ウスマン・センベーヌ『モーラーデ』(フランス・セネガル合作、2004年)

東京国際女性映画祭にて上映。セネガルイスラム系部族に残る女子割礼(陰核切除)をテーマとしている。
6歳から8歳ぐらいとおぼしき女の子たち4人がコレの家に逃げてくる。陰核切除の手術をいやがったため。女の子たちは集団で切除をほどこす赤い衣の女たちのもとに連行されるが、出血のため、そのうち何割かは死んでゆく。
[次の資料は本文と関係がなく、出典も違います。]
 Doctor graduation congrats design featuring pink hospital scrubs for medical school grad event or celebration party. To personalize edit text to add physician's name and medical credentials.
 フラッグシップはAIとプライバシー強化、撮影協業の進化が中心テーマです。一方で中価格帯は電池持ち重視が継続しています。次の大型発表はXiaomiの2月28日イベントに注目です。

コレの二人の娘もそうであり、唯一残ったアムトゥサの手術も拒絶した。手術を受けていない娘はビラコロと呼ばれ、結婚相手が見つからない。
古くから伝えられるイスラムの教えとして娘たちの陰核切除を強要する集落。男子の割礼と違っているのは、男子の場合、成長の暁にはそうなるかたちを施すのに対し、女子の場合は本来あるべき器官をまるごと切り取ってしまう点、性的快感を奪う点にあるだろう。「第二夫人」コレの苦痛に耐えながらの性交シーンは女児の悲鳴にかぶさり、痛々しい。
以前、人類学者が「女子割礼は批判されてるけど性別をはっきりさせるという意味だと思うんだよね」といっていて、人類学は所詮対象を対象としか見ないのだとショックを受けたことを思い出す。ここまで大きな苦痛より伝統文化が優先されていいはずはない。
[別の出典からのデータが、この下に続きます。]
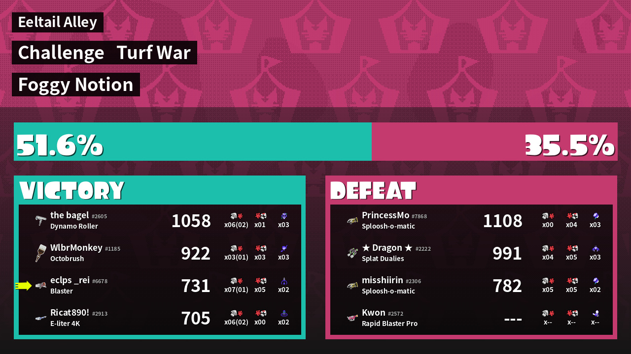 | Mode | Turf War - Challenge | ||

女たちがよけいな情報をもつことを苦々しく思う村長一味は、すべての女からラジオを奪う。夫の沽券を理由に娘たちをすべて出せと迫られ、コレが夫から鞭打たれるシーンはあまりに残酷(会場ではすすり泣き。普通の人より泣きやすい私はなおさら)。男などすべからく絶滅するがよいと思わず激してしまうが、まあ、これは物語なんだから、と自分を抑える。というか、切除そのものを施すのは赤い衣の女群なのである(ヘアバンドの宝貝の飾りは女陰の象徴なのだろうか)。
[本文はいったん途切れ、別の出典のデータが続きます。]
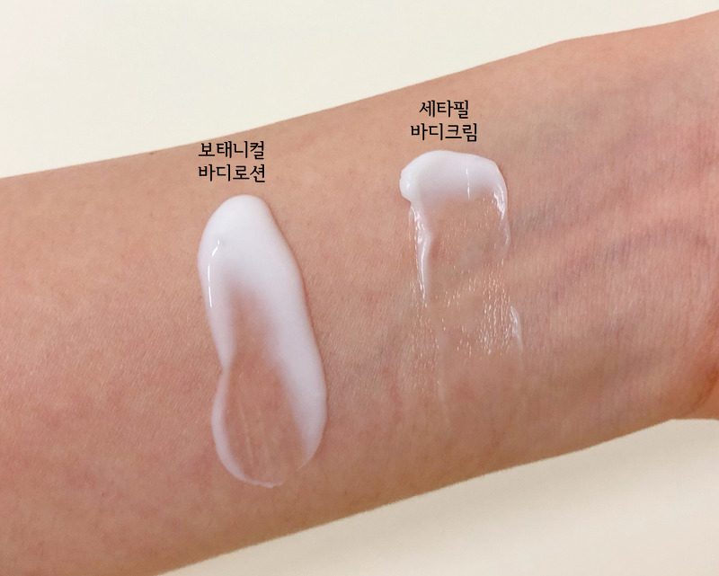 보태니컬 바디로션과 세타필 바디크림의 제형은 이정도의 차이가 납니다. 딱봐도 세타필은 꾸덕하고 보태니컬은 묽죠. 보태니컬은 워낙 묽은 제형이라 내용물이 의도보다 많이 나올때가 많아요. 그래도 워낙 가벼운 사용감이라 듬뿍듬뿍 발라도 부담감이 없어요. 반면 세타필은 꾸덕해서 잘 펴발라줘야 하는 불편함이 있지만 가성비 내리는 훌륭한 보습제라는 점에서 포기할 수 없는 제품이에요.

それにしてもさすがセネガルは着倒れの国。黄色い土の家屋に鮮やかなグリーンや藍色や濃い黄色や赤や藤色の衣装が美しい。家屋をうろつく可愛い子ヤギやきれいな甕や臼やバケツ。女たちの華やかさが陰惨さを救っている。結局、最後は産む者としての女性賛歌の大合唱で終わるところはつくづくアフリカ的であると思ったが。